DATASET EXCERPT =>
● ● ● ●
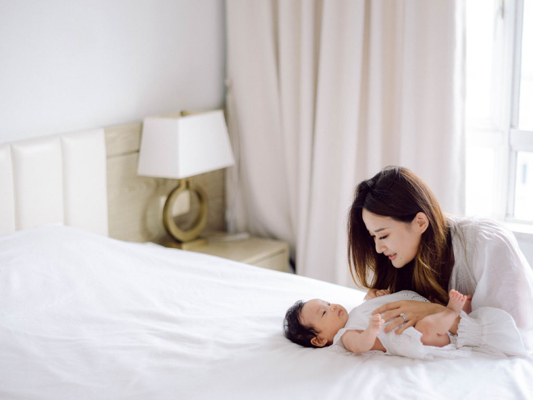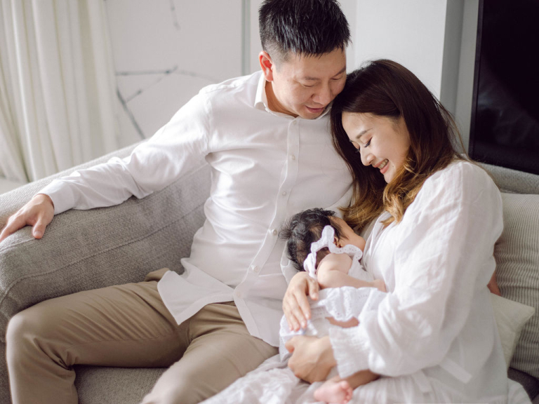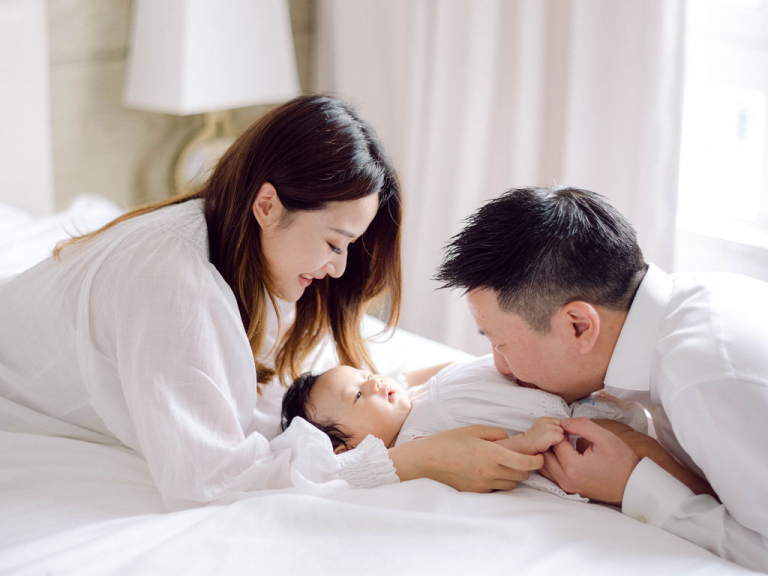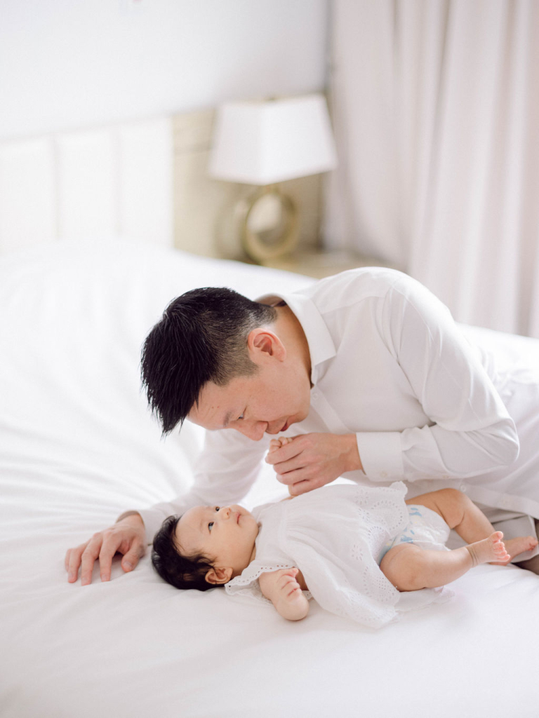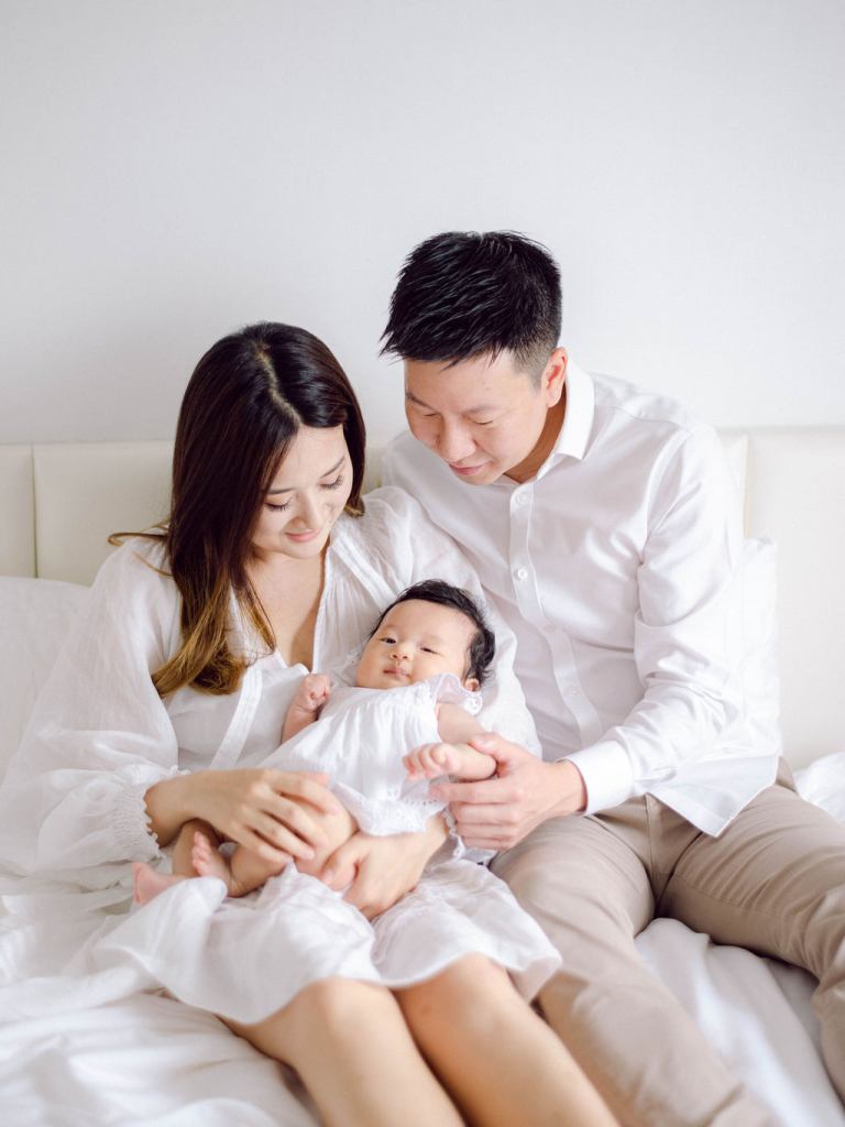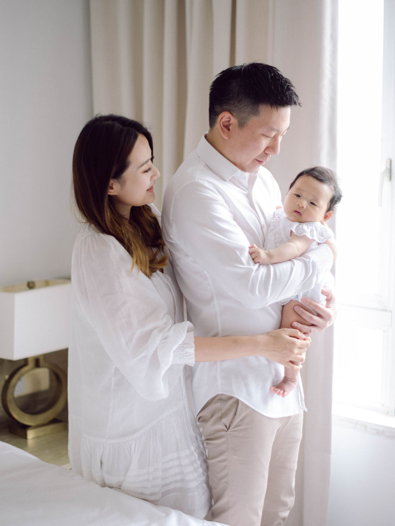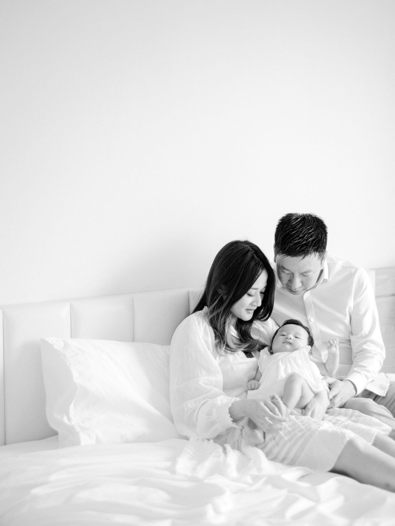My team and I had the delightful opportunity to photograph Rosa and John's family. They have a precious baby girl who brought so much joy to the session. We chose to conduct the photo shoot indoors, setting up in a comfortable and cozy bedroom that provided the perfect backdrop for capturing their intimate moments.
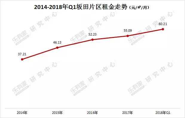 当然,企业也为坂田带来了大批租客,促进了租房市场的发展。从2014年37.21元/㎡/月的租金,到2018年一季度的60.21元/㎡/月,坂田租金上涨幅度达62%。换言之,2014年租客在坂田租一个35㎡的一房,需要1302元/月,如今需要2107元/月,一年下来要多交近万元的房租。
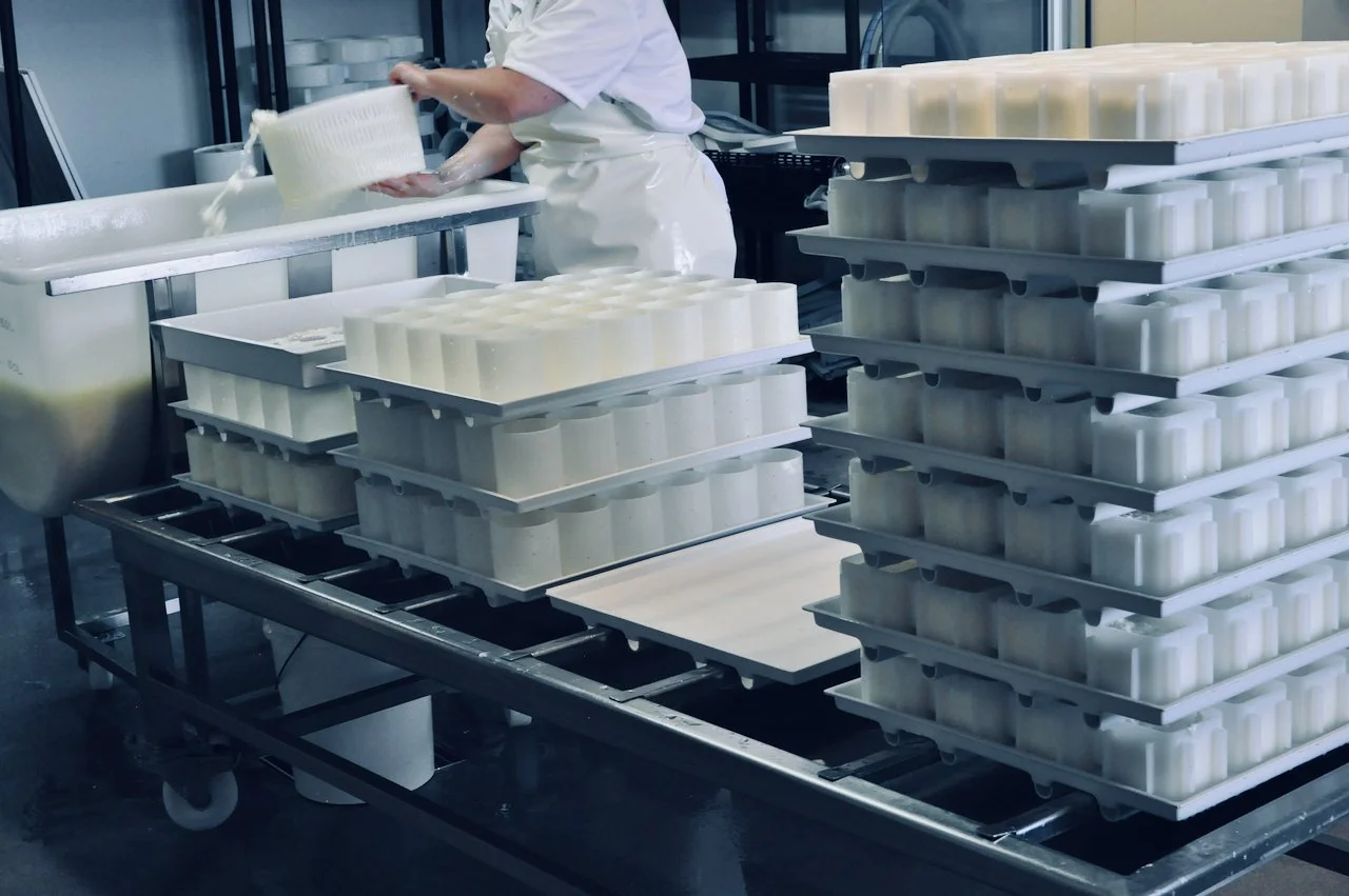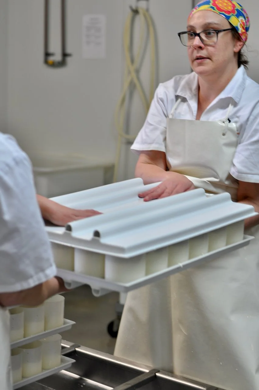 The filled hoops need regular turning to ensure the cheeses are draining and shaping themselves evenly. By placing an upside tray on top of another full tray of hoops you can flip the whole tray in one fluid motion, like turning a cake out to cool. For full trays of smaller cheeses, the size and weight of the trays make this a two person job. Facing your partner you first lift the tray a little to give it a firm bang: dislodging any pieces of curd that have stuck to the mat. Then, with one hand on top, one hand on the bottom and staring intently into each others eyes you flip the tray smoothly on the count of three. Each stack might have up to 10 or 12 trays of hoops and the flipping process happens multiple times, depending on your recipe. It feels a bit like a dance, and it’s very satisfying to hear the wheels all ‘flump, flump', flump’-ing into place as you flip.
● ● ● ●
WORK REQUEST => The listing above, line by line: print it exactly, but not its pictures.

SOLUTION TO THIS TASK =>
My team and I had the delightful opportunity to photograph Rosa and John's family. They have a precious baby girl who brought so much joy to the session. We chose to conduct the photo shoot indoors, setting up in a comfortable and cozy bedroom that provided the perfect backdrop for capturing their intimate moments.
 当然,企业也为坂田带来了大批租客,促进了租房市场的发展。从2014年37.21元/㎡/月的租金,到2018年一季度的60.21元/㎡/月,坂田租金上涨幅度达62%。换言之,2014年租客在坂田租一个35㎡的一房,需要1302元/月,如今需要2107元/月,一年下来要多交近万元的房租。
 The filled hoops need regular turning to ensure the cheeses are draining and shaping themselves evenly. By placing an upside tray on top of another full tray of hoops you can flip the whole tray in one fluid motion, like turning a cake out to cool. For full trays of smaller cheeses, the size and weight of the trays make this a two person job. Facing your partner you first lift the tray a little to give it a firm bang: dislodging any pieces of curd that have stuck to the mat. Then, with one hand on top, one hand on the bottom and staring intently into each others eyes you flip the tray smoothly on the count of three. Each stack might have up to 10 or 12 trays of hoops and the flipping process happens multiple times, depending on your recipe. It feels a bit like a dance, and it’s very satisfying to hear the wheels all ‘flump, flump', flump’-ing into place as you flip.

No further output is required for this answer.